I’ve been recently making more of an effort to stay active and work out consistently, and while being on the treadmill I usually prefer to listen to audio books or podcasts. In the past few weeks I’ve been catching up with the Modern Learners episodes, enjoying their topics about changes in education and, in one of those, Will Richardson said something that clicked with me, he said that the main problem he saw in change and education these days was that teachers seemed to prefer to do the wrong thing right rather than trying to do the right thing.
I am sure that many can relate to that statement, even if it makes us uncomfortable, because in this field, even if we owe our efforts to our students, many of the things we dare doing are dictated by a something or someone above us. And even if we have the most supportive and willing administration, we sometimes nest in those practices we get really good at and feel are “good enough”.

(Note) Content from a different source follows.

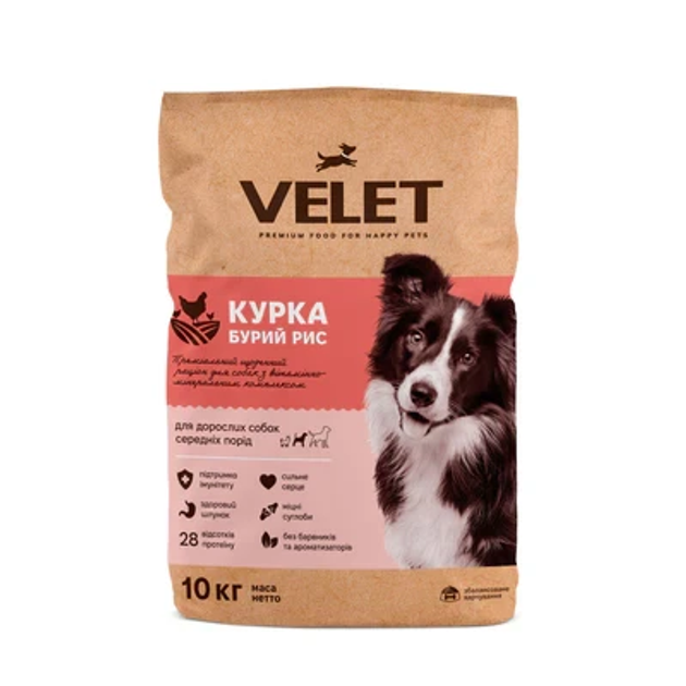 Velet (Велет) - Сухий корм "Куриця та бурий рис" для дорослих собак середніх порід. 10 кг.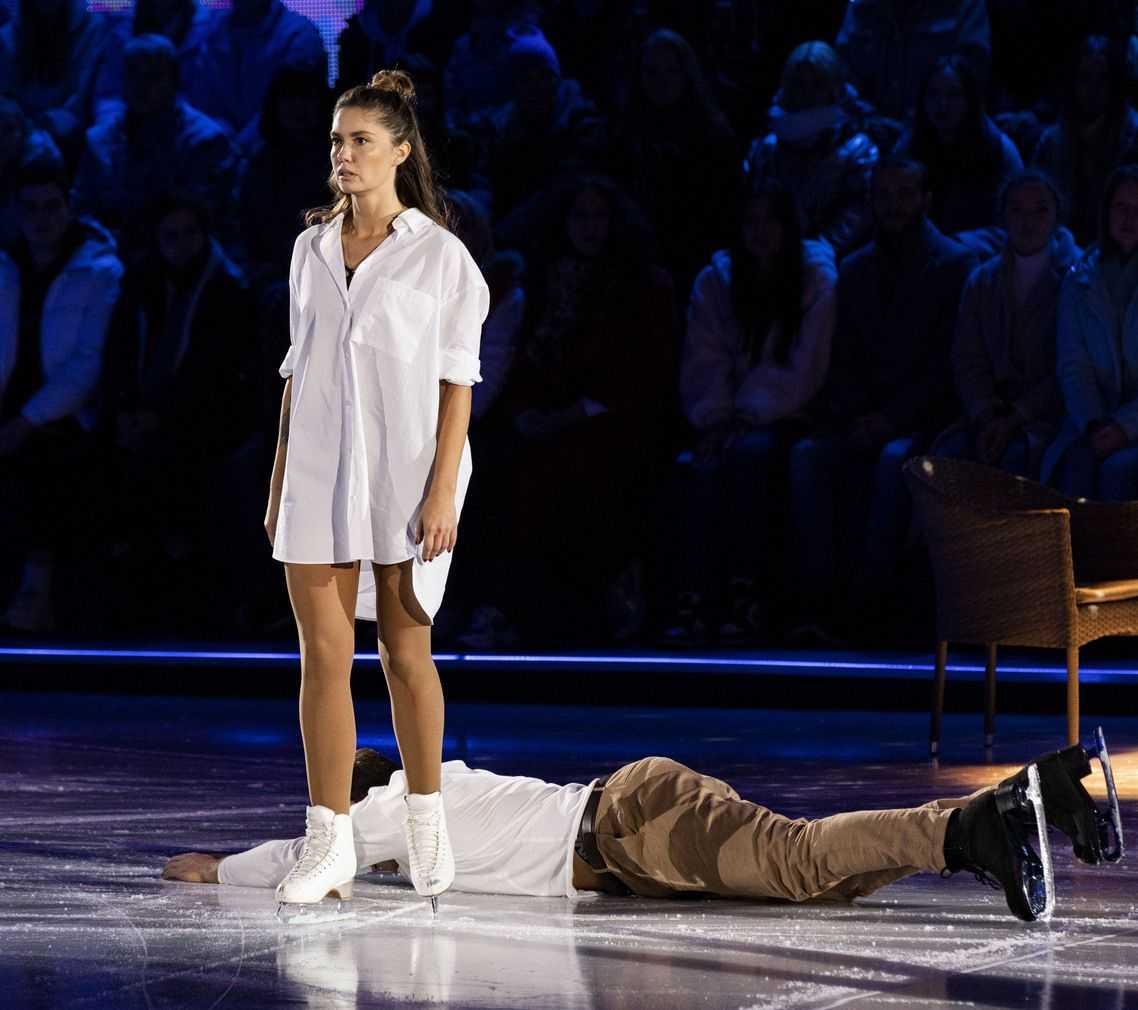 Энберт и Муцениеце катались под композицию Елены Ваенги «Гравитация». На актрисе была нежно-розовая рубашка и чёрные шорты, а на фигуристе – белая кофта и бежевые брюки. Александр несколько раз поднимал партнёршу в красивые поддержки, заставляя публику охать от восторга.

I’ve been there, more than a few times: basic teaching strategies, classroom management moves that don’t do so well, mostly structures and expectations that I held on for way too long just because “I had always done it that way.” I was one of those teachers who would use a color code behavior system in the classroom, I honestly didn’t know better back then.
It took me a while to embrace more of a fearless and humble perspective, one that reminded me that learning is part of my job and made it okay to show my failures and areas where I could use a fresh vision. I also learned to separate myself from my practice, to tame my ego while I listened to other educators share different and perhaps more appropriate approaches.
Working along side international educators has helped me change my mindset, because I think it’s a waste to not take advantage of the diverse range of experiences others can offer. My teaching today is not the same as last year, or three years ago, or how I taught back in Venezuela, I have forced myself to improve my craft and will continue to do so each year.
Today, I am happy to say that even though it is still intimidating to admit that something isn’t working out, I have gotten better at honoring the resources available to me and the courage it takes to try and learn something new. I also have always believed that I have no business teaching others if I don’t see myself as a learner.